In 2018, our focus will be on designing simple yet powerful websites that are optimized for mobile devices and care deeply about the user experience. We will use new formats, styles, and technologies to help our clients say more, do more, share more, and enjoy a greater return on their digital investments.

What Makes a Good Home Page?

You get about 3 seconds to make a great first impression, so the home page must capture the heart and mind of your visitors. If it does, you have another 3 seconds to arouse enough curiosity to compel your visitor to want to know more. The solution to their problem must be obvious—both in words and design. It must work well, on all kinds of devices and for all levels of user expertise.

great Home PageEmotional connection.

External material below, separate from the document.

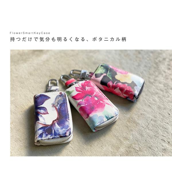 爆買 プレゼント キーケース スマートキー フラワー ボタニカル

In the time it takes to make a first impression, a visitor wants answers to 3 questions: 1) who are you? 2) can you solve my problem? and 3) if you can, answer 3 visitor questions: who you are, what you do, and what’s in it for them. Visitors come to your page because they have a problem that needs solved. They are looking for a business or a person or a cause that will satisfy a need and make an emotional connection that motivates them to dive deeper into the site.

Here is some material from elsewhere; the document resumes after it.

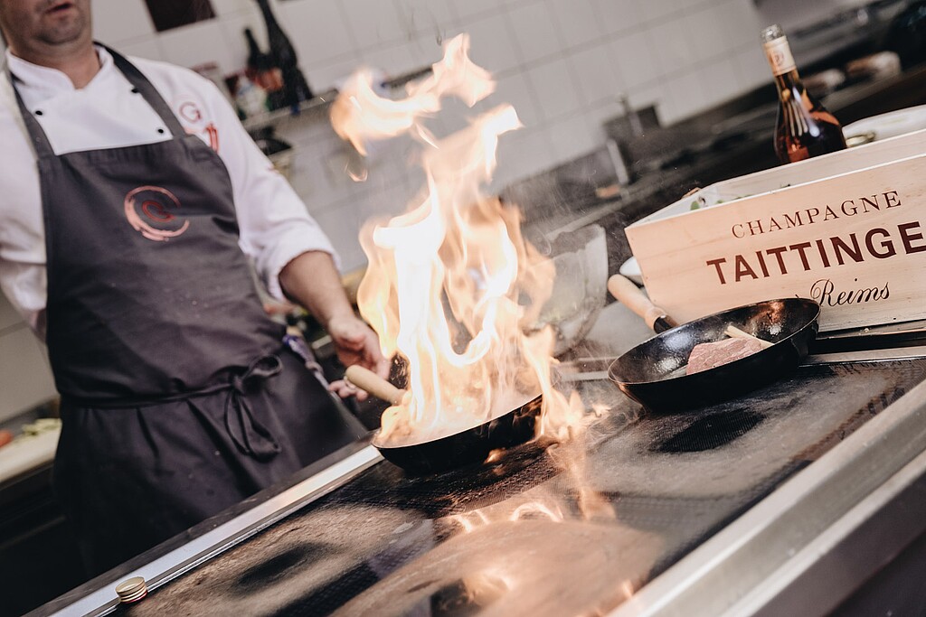 Wir sind bekannt für unsere ausgezeichnete Küche (Küchenchef Reinhard ist seit 20 Jahren bei uns), für unsere weltweit einzigartige Sammlung an über 1.000 Riedel Gläsern und über 40 Riedel Dekantern, sowie unser Wissen über das richtige Glas und das passende Getränk.

Meaningful language. People connect visually, but they also connect through a common language. The home page is not the place for jargon or boasting, and definitely not the place for long paragraphs. Visitors will quickly scan for words and phrases, then buttons or links to learn more.

Respectful. Avoid the use of flashy objects that move, make noise, or complicate or compromise the connection experience. If you offer a video, it’s considered bad manners to auto-start it. Same for audio. Let your visitor decide when or whether to engage in these sensory experiences.

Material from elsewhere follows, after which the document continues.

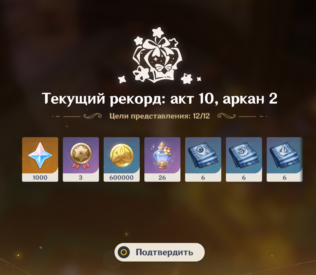 Прошел с горем пополам этот ресет говна, 2 чемпов пришлось экстренно апать до 70 чтоб пустило и светке менять стихию Первые 10 этажей привычной сложности, разве что на пирамиде задушился тестовой коровой без дендро. В целом за месяц мб заретраю 1 этаж на 9 звезд чтоб дали бутылку Ну и традиционно тредовичок очень помог, оплатив чемпика с дамагом выше чем все мои
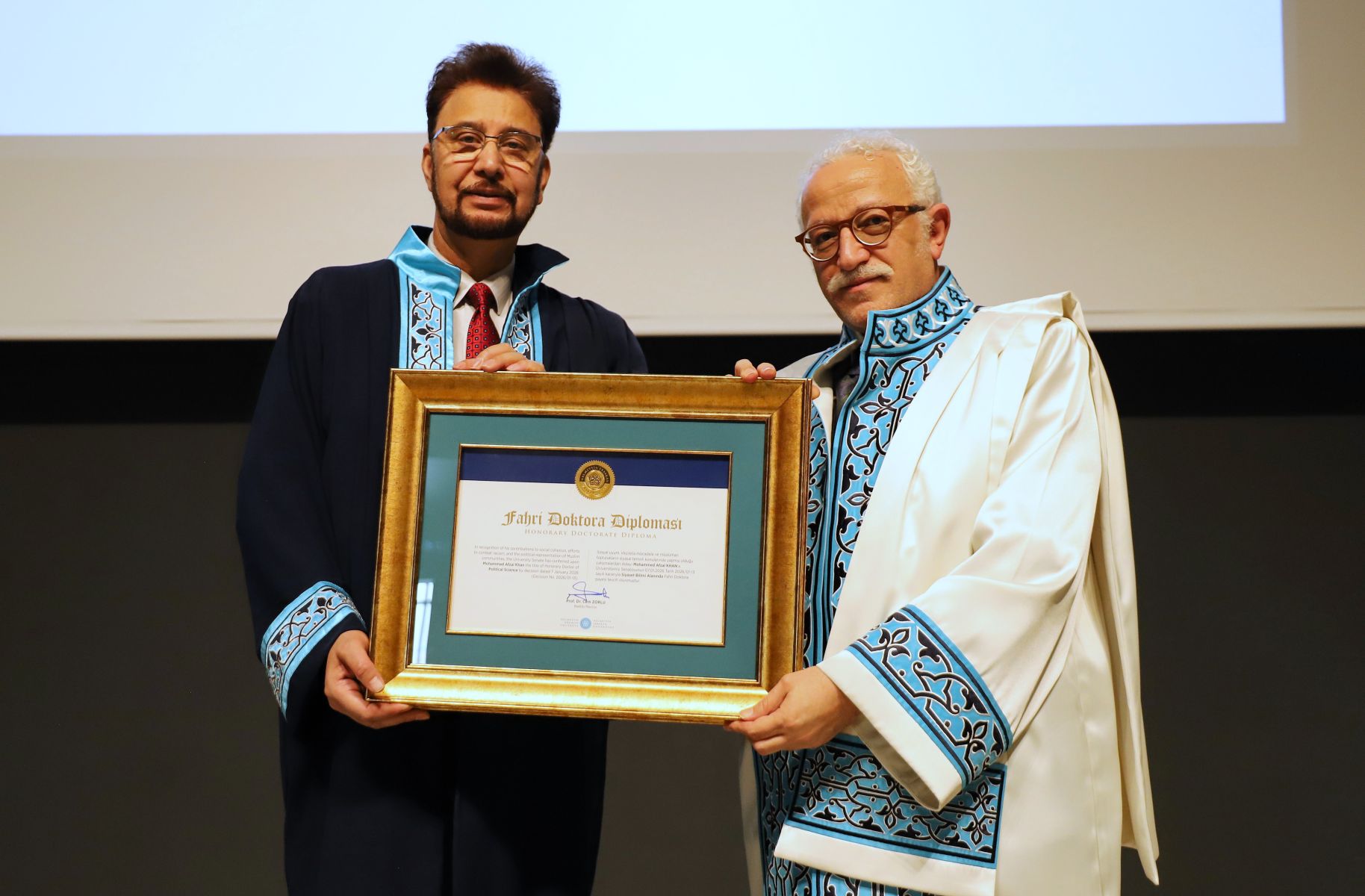 Konferansın ardından fahri doktora takdim törenine geçildi. Rektörümüz Prof. Dr. Cem Zorlu, Britanyalı siyasetçi Mohammed Afzal Khan’a doktora cübbesini giydirerek fahri doktora belgesini takdim etti. Tören, protokol üyelerinin sahneye davet edilmesi ve fotoğraf çekimiyle sona erdi.

Device friendly. Visitors come to your site on their desktop computer at work, through a tablet at home or in the field, or a smartphone from about anywhere. A site that is not easy to navigate using a mouse or a finger, or can’t adjust to any screen size, lowers the probability that the visitor will stay on your site long enough to solve a problem, make a purchase, or engage at all.

Actionable. Solve problems or offer information that make your visitors’ lives easier, like an obvious or clickable phone number, a sign up form that doesn’t ask for more than an email address, a social media link that actually works. Keep search engines happy too with relevant keywords, a textual site map, and a well-researched and tested page description meta tag.

Your home page gets the bulk of site traffic, making it undoubtedly the most important page of your website. This is where you get visitors to dig deeper. This is where you convert traffic to leads, and leads to customers.